Pero volvamos a nuestro Juego de espera: a ese triángulo amoroso en el que compite la amistad con el amor y que desatará la tragedia, pero no por los celos, como se podría suponer de tan manido tópico, sino por el peso de la historia de un país condenado a no olvidar su pasado. La novela cobra vuelo y profundidad por el contexto en el que tiene lugar el relato amoroso, la convulsa Irlanda doblemente posbélica, pues mediado el pasado siglo no se ha cerrado la herida de la guerra civil ni la división que las dos guerras mundiales han producido en la sociedad. Pese a los miles de voluntarios irlandeses que se alistaron para luchar contra Alemania, el IRA siempre apostó por el lado de los enemigos de Inglaterra. Personajes clave de la novela como Rawsthorne, la propia Sue, Tim y sobre todo el viejo Sean Donahue en su estremecedora confesión final nos irán dibujando con admirable concisión los rasgos éticos y culturales de una sociedad en la que «se sabe todo lo que hay que saber de un hombre en cuanto se oye su apellido». Vayan algunas otras perlas: «¡Cuando ya no quedó nadie con quien pelear, vive Dios, luchamos entre nosotros!» o «Dicen que el tiempo es el gran sanador, pero no en Irlanda» o «Si los irlandeses se odian tanto entre sí, es por lo mucho que aman Irlanda» o «Los ingleses nos dieron nuestros mártires», entre los que no se encontraba precisamente Michael Collins...

A ese complejo contexto narrativo Powell añadirá otro ingrediente que raramente falla: la intriga, fundamentada aquí por un triple y brutal asesinato, lleno de reminiscencias bíblicas, que sacudirá la región un año antes de la llegada de Diarmuid O’Connell a la región de los lagos, a Colluncille, el imaginado topónimo donde el narrador sitúa la acción. Con ello suma a una historia amorosa enclavada en una sociedad convulsa una apasionante intriga policial que se resolverá en el tramo final del relato, y que evidentemente no revelaré pero de la que el autor nos va dando pistas suficientes para que el lector participe activamente en el proceso narrativo. No es tampoco casual a este respecto que se aluda en el capítulo II a los «dones esenciales para un buen investigador», proclamados por Sherlock Holmes.

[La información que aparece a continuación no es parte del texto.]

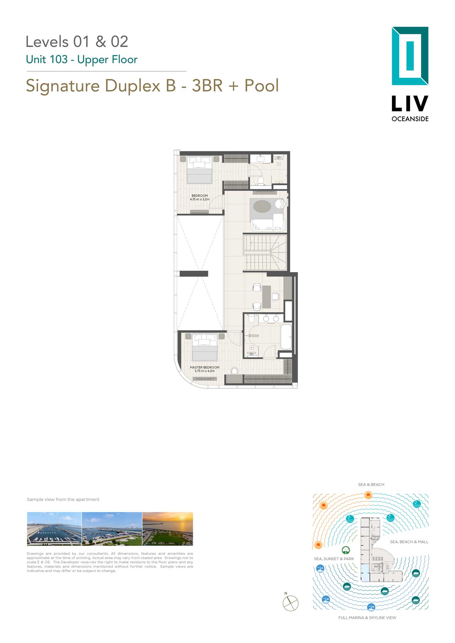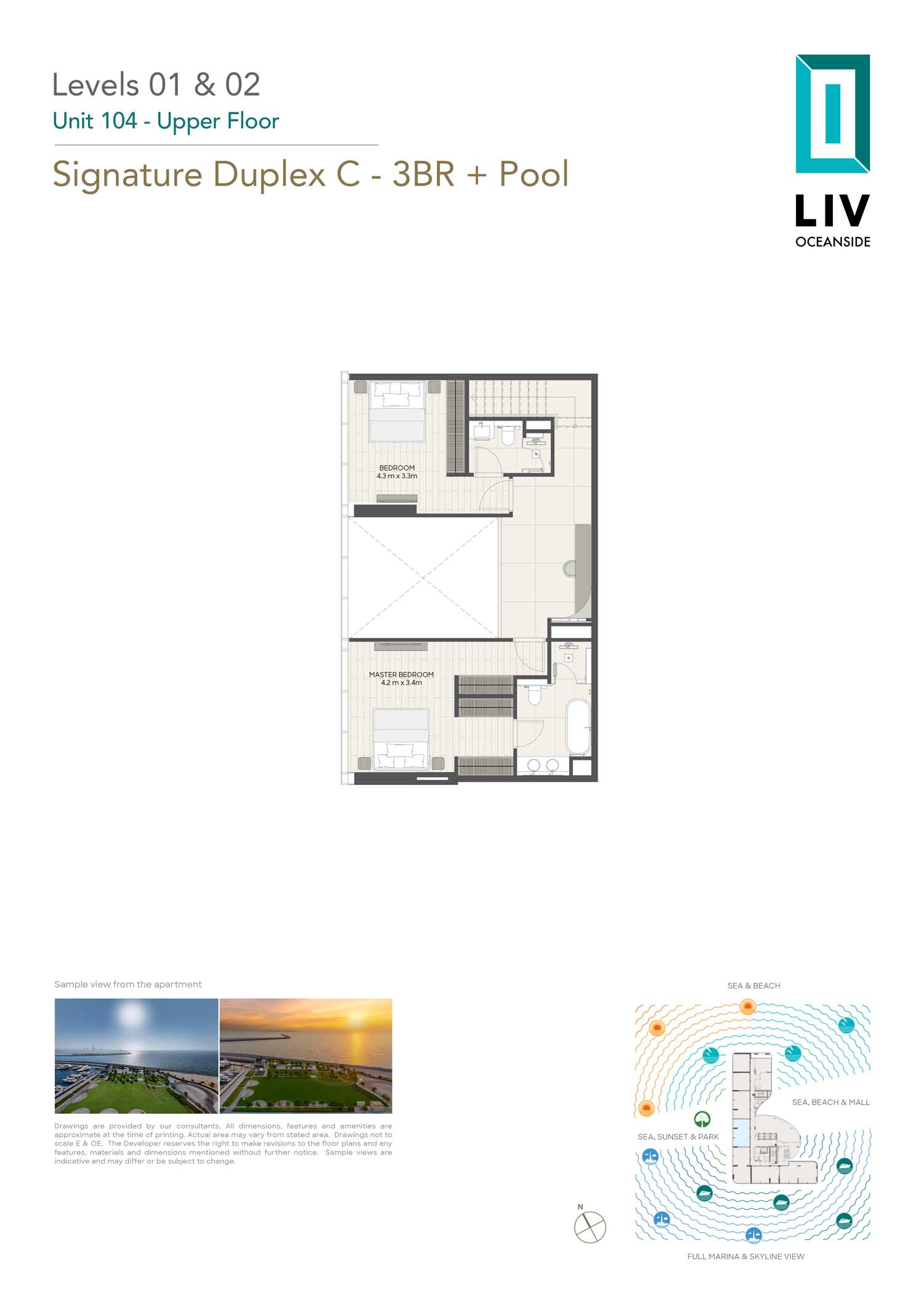 | Levels 01 & 02 | 3 Bedroom + Pool | Unit 104-Upper Floor (Signature Duplex C) | 3267.17 Sq Ft | Duplex Apartments |

Quedan en nuestra retina tras la lectura de la novela momentos de una delicadeza plena resueltos con una loable economía expresiva, tales como la entrega de Sue a su amado: «Fue a él por voluntad propia y ya solo estuvieron ellos dos en un mundo de niebla arremolinada». O momentos, a otro nivel narrativo, como el acertado despertar en paralelo desde lugares distintos de los componentes del triángulo amoroso al inicio del capítulo VIII o el instante anterior a la muerte del Rey, el venado real, que se

nos ofrece desde la perspectiva del hermoso animal: «Ahí estaba de nuevo el acre, sudoroso, aborrecible olor humano». De nuevo, pues, el respeto y la admiración por la naturaleza. Asimismo, la reveladora escena del baile, que cuenta con el beneplácito del mismo Horacio –«Cuando se expulsa a la naturaleza a golpe de horca, ella suele encontrar el camino de vuelta» (Epístolas, I, 10, v. 24)–, momentos a los que cabe sumar el desgarrador y enigmático final –«¿Amigo o enemigo? ¿Es que esto no acabará nunca?», se pregunta Sue ante ese coche que se acerca– y, sobre todo, la aludida declaración del viejo Sean Donahue en el penúltimo capítulo, que emotivamente recoge la historia irlandesa desde sus mismas raíces en la voz de quien la sufrió y la sigue sufriendo en su propia vida.